Asked once what my occupation was I lied to impress; “GQ’s international stylist at large but mostly a gentleman of leisure” I said with such aplomb. You see she looked like she had just sprung out of a page from Vogue and her tan in the middle of winter betrayed habitual summering in those Caribbean islands that are very hard to pronounce. She looked at me, the least surprised and I reckoned a “wow” would suffice. None sufficed but a snigger and retort- I “work for GQ you know” and I am coming from Franschhoek. She walked away, with a triumphant stride, but Franschhoek stuck with me!
My board was a quaint Cape Dutch cottage on a wine estate within the vicinity of the village. If you are interested in the history of Franschhoek, 1694 this dream was “founded”. The story goes the Dutch sailors given to highly intoxicating drink, merriment and the love thereof where somehow unable to preserve correctly the wine they imported from France. The story continues either they finished all the barrels before the cape of Goodhope or whatever was left was badly preserved. The innovative answer came to bare- invite the Frenchmen from the vineyards of Bordeaux and Champagne and in Franschhoek (French corner) they would make the finest and best wines and the ready market of thirsty Dutchmen would pay for their keep. The Frenchmen got more sun on skin and the Dutchmen more wine in their blood.
This anecdote was furnished to a rather enthusiastic wine tasting crowd by a rather excitable, funny (in an off the cuff sort of way) and slightly inebriated fellow at Haute Cabrier- the makers of the finest South African champagne and wines. The tour was grand, and after tasting the Magnus opus Ratafia my head was dizzy, I was slightly giddy- and noted the dangers of a desert wine before lunch!
How does one capture the total magic and setting in Franschhoek, a little village town surrounded by vineyards owned by the best gentlemen of South Africa. Best, purely on account of having the good sense of buying real estate in this space where anything not Cape Dutch, white, spacious, vintage, is decidedly frowned upon. It must be a relief knowing your neighbour is not only Rothschild & Rupert (or similar iconic name) but because of the municipal bylaws, MTV grotesque architecture is forbidden. The Law, ladies and gentleman is peculiarly stylish in these parts.
The best afternoon was spent in cheese tasting at Fair view. It is a 30 minutes drive from the village and there I had my dalliance with the finest cheese in the world. Reminds one of the teenage dalliance with the best looking girl from the best girls school. A whisper and brush of the lips was enough to get me excited then, now it’s cheese and yogourt!
Feeling romantic, Dieu Donné, the restaurant that overlooks Franschhoek was our rendezvous.

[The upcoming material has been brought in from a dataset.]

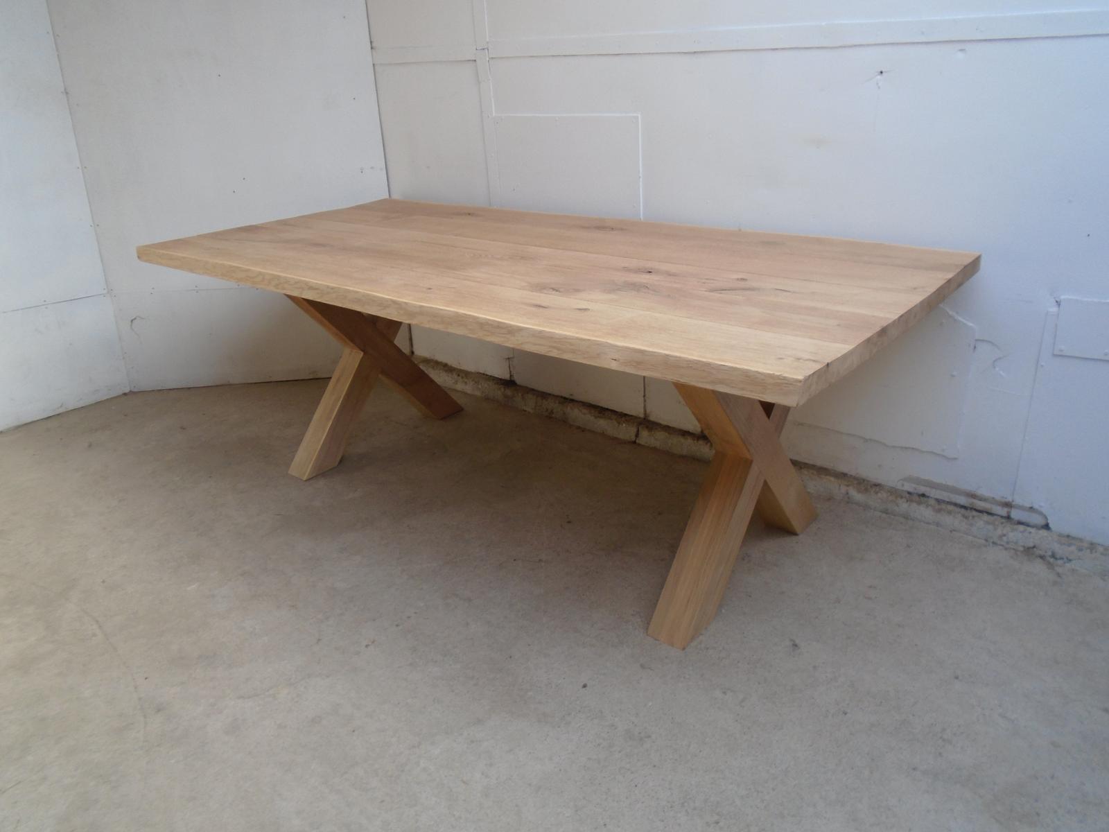 A Solid Oak 220cm Cross 8 Seater Outdoor Dining Table to Oil / Wax / Limewash
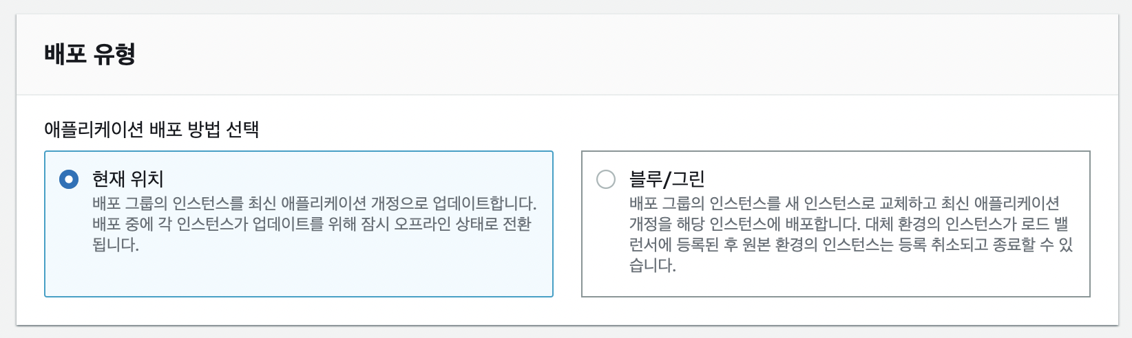 - 배포 그룹 설정에서 선택했던 배포 방식을 지정합니다.

She had her hair pulled back wearing a pencil slim cherry skirt with a white body hugging vest- her black heels matching her belt. Conversation flowed, but I could not get over her body in the cherry skirt. We viewed the village lights in awe and wonder and speculated if ever a place on earth was as close to perfection as that moment. And if ever possible two beings can be in that perfect moment. It was a perfect picture!